İyi okumalar dilerim. universalalien zademize geçmiş olsun diler, _MaryCeleste_ mize de yeni okul döneminde başarılar dilerim. İkiniz de sıkmayın canınızı. Ne olmuş yani birinizin dersleri çok ağırsa ve diğeriniz de koronaysa?? Makinede çamaşır bekliyor beni. Hayat çok zor...

* * *

Jungkook, yakın arkadaşı Jimin ile kampüs yolunda yürüyordu. Canı sıkkındı. 

-Biraz müddet istesen?

Jungkook başını olumsuz anlamda salladı. 

-Pansiyon sahibini tanımıyor gibi konuşuyorsun. Sence istesem verir mi?

Jimin onu onayladı. Jungkook ve kendisi neredeyse 3 senedir arkadaşlardı ve Jungkook bu süre zarfında hep okullarına uzak olsa da fiyatı uygun olan Hayang Pansiyon'da ikamet etmişti. Şimdi ise kesilen bursu yüzünden aylık kirasını ödeyemediğinden atılmak üzereydi pansiyondan. 2 aydır kayıt yaptırırken ödediği 3 aylık depozitosundan kesinti yapılarak ödemesini yapıyordu fakat eğer bu ay da ödeme yapmazsa pansiyon sahibi Bayan Shin tarafından kapı önüne konacaktı.

-Borç alabileceğin bir yakının yok mu?

Jungkook durup Jimin'e göz devirmesini sundu.
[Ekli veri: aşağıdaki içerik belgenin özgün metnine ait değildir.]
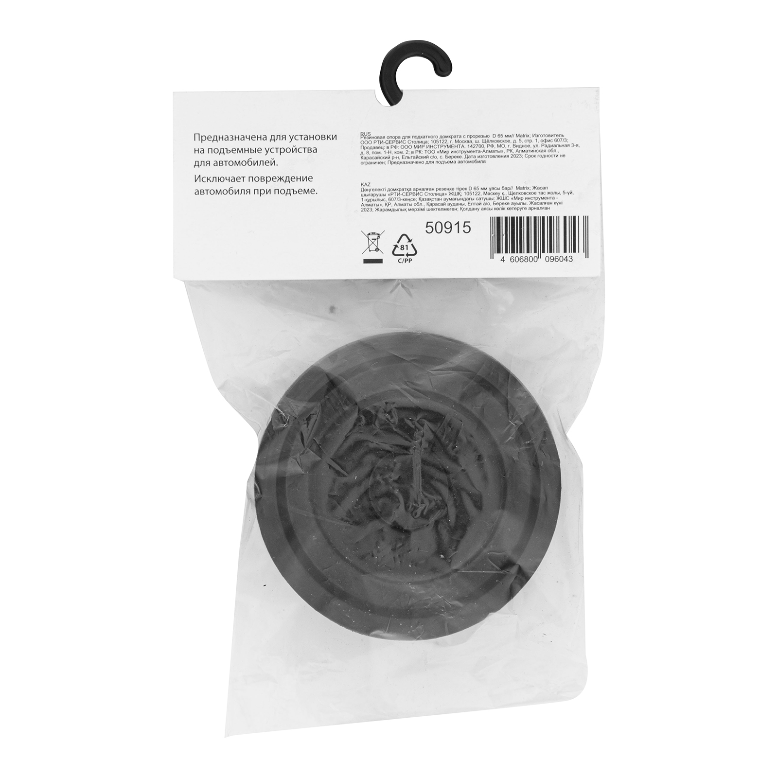 Резиновая опора с прорезью Matrix 50915 диаметром 65 мм предотвращает повреждение кузова автомобиля в месте упора с подкатным домкратом, а также препятствует поломке самого домкрата. Позволяет осуществить качественный ремонт машины в гараже или автосервисе.
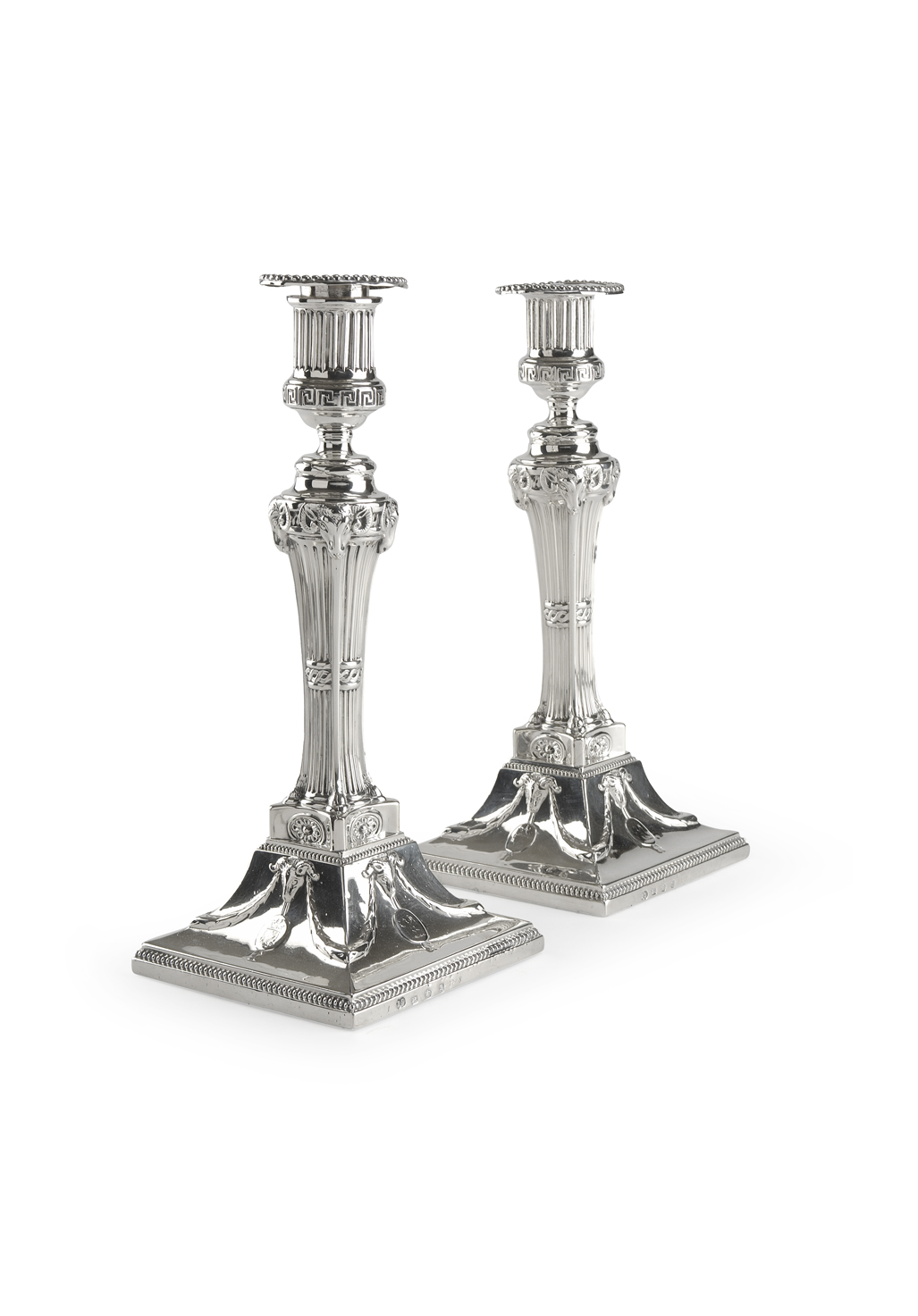 maker IS, Sheffield 1778, the tapered column with Greek key and ram's mask detail, on spreading square base with swag and ram motif details

-Olmadığını biliyorsun. Neyse ben gidiyorum.

Jimin, Jungkook'un arkasından seslense de durmamıştı Jungkook. İş arıyordu fakat iş veren yoktu. Garsonluk için bile tecrübe isteniyordu ki Jungkook devletten ve bir iş adamından aldığı burs ile temel ihtiyaçlarını karşılayabildiği için şimdiye dek çalışma ihtiyacı duymamıştı haklı olarak. 
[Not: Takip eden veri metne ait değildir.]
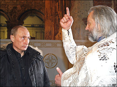 ديدار ولاديمير پوتين رئيس جمهور روسيه با يکی از روحانيون کليسای ارتدوکس روسيه بعد از مراسم روز کريسمس مسيحيان ارتدوکس.
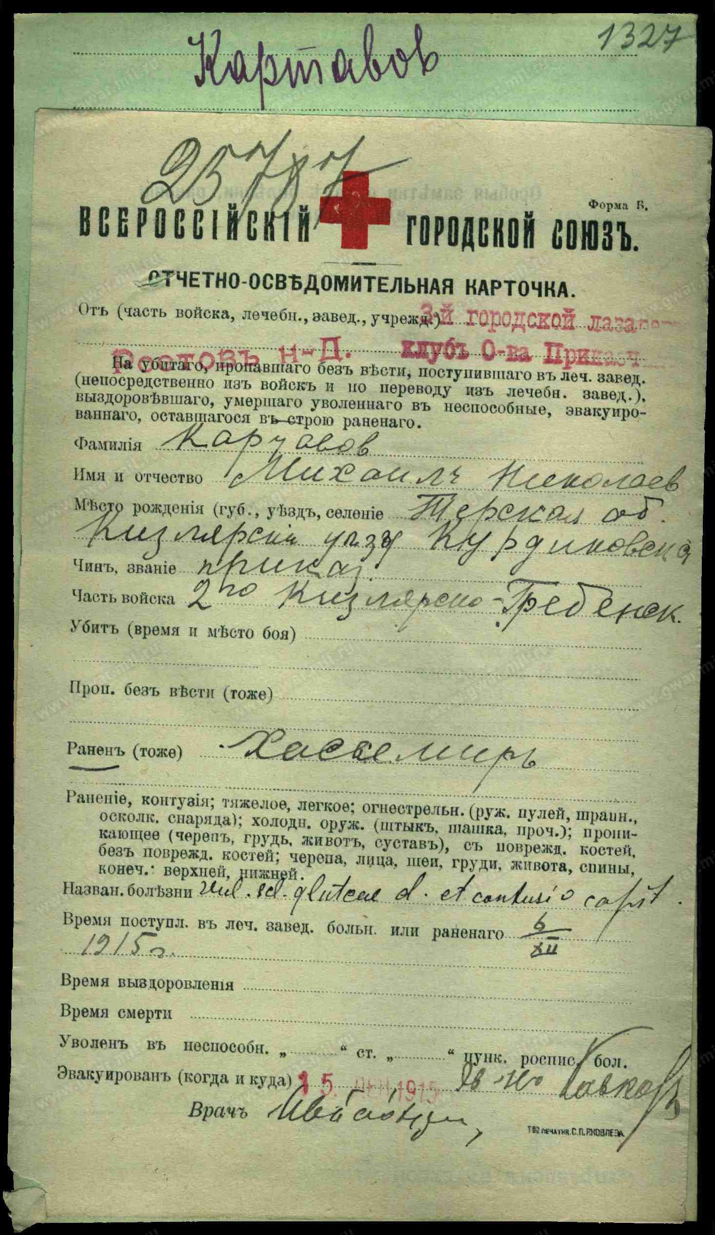 Место рождения Терская обл., Кизлярский отдел
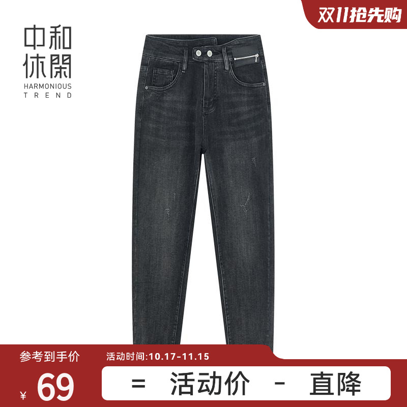 中和休闲冬装加厚牛仔裤女微宽松水洗小脚裤子黑灰色通勤百搭长裤
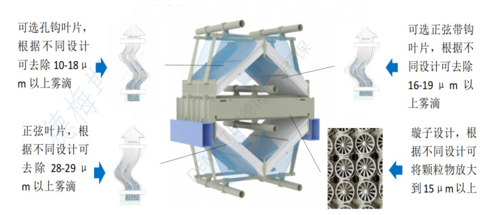一级倒屋脊粗除雾器:30mm间距正弦叶片(图2),拦截>22μm液滴,出口雾滴≤150mg/m³;
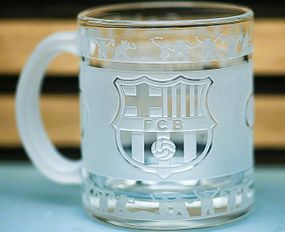 Характеристики Подарочная стеклянная чашка для чая и кофе 320 мл с гравировкой лого футбольного клуба ФК Барселона круговая
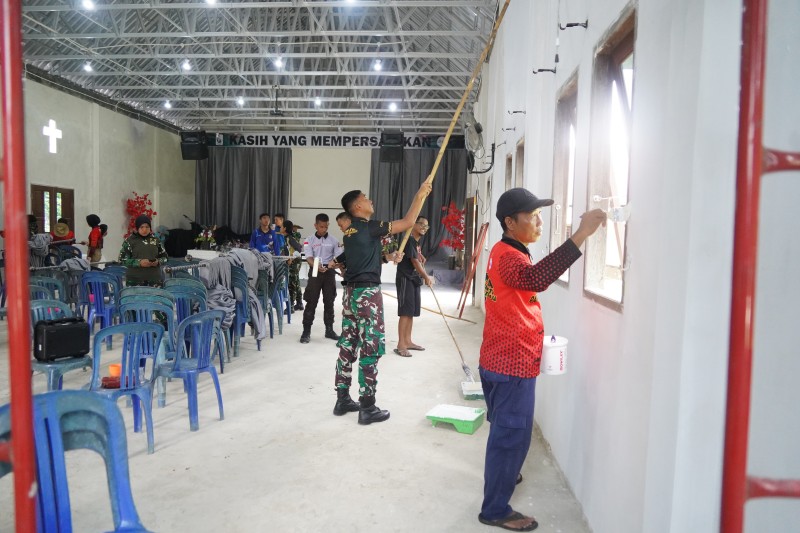 6. Melaksanakan Karya Bhakti Pengecatan Gereja, Masjid, Penyiapan material pengecoran jalan dan Pembersihan/ Clearing peningkatan jalan usaha Tani sasaran Kilat D ( Kec. Muara Kaman )
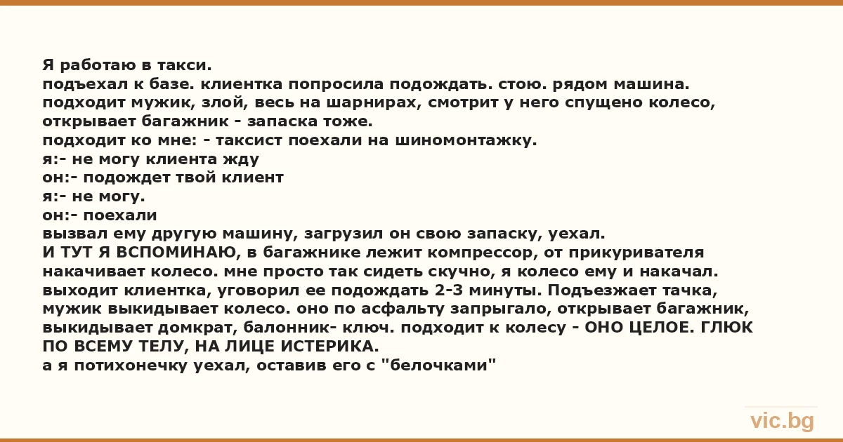 Я работаю в такси. подъехал к базе. клиентка попросила подождать. стою. рядом машина. подходит мужик, злой, весь на шарнирах, смотрит у него спущено колесо, открывает багажник - запаска тоже. подходит ко мне: - таксист поехали на шиномонтажку. я:- не могу клиента жду он:- подождет твой клиент я:- не могу. он:- поехали вызвал ему другую машину, загрузил он свою запаску, уехал. И ТУТ Я ВСПОМИНАЮ, в багажнике лежит компрессор, от прикуривателя накачивает колесо. мне просто так сидеть скучно, я колесо ему и накачал. выходит клиентка, уговорил ее подождать 2-3 минуты. Подъезжает тачка, мужик выкидывает колесо. оно по асфальту запрыгало, открывает багажник, выкидывает домкрат, балонник- ключ. подходит к колесу - ОНО ЦЕЛОЕ. ГЛЮК ПО ВСЕМУ ТЕЛУ, НА ЛИЦЕ ИСТЕРИКА. а я потихонечку уехал, оставив его с "белочками"
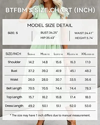 BTFBM Flowy Belted Pleated Summer Sun Dress For Women 2024
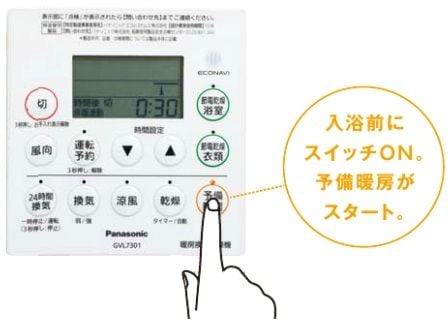入浴前にリモコンにある予備暖房をスイッチオン。

Jungkook okul sınırlarından çıkıp, neredeyse yarım saat ile kırkbeş dakika arasında yürümüştü. Burası daha çok zenginlerin uğrak mekanı olaran Apgujeong'du. Etrafına bakmaya başlamıştı Jungkook. Tam geri dönecekken klasik fakat havalı bir dizaynı olan kafeye kilitlendi. Siyah üstüne altın yaldızlı yazılarla bezenmiş tabeladaki ismi okudu Jungkook.

CAPELLA

Kapıda asılı olan "Bizimle Çalışmak İster Misiniz?" yazılı afişi görünce bir cesaret içeri girdi. Deneyimli biri aradıklarına emindi fakat bu kez işi almak için dilini çalıştıracaktı. Girişteki hostes kıza görüşme için kiminle görüşmesi gerektiğini sordu ve gösterdiği yere doğru yürüdü. Gösterdiği kişi telefonda hararetli bir görüşme yapıyordu. Sert üslubu Jungkook'u caydırmak üzereyken adam telefonu kapatıp Jungkook'a döndü. Onu süzdükten sonra konuştu.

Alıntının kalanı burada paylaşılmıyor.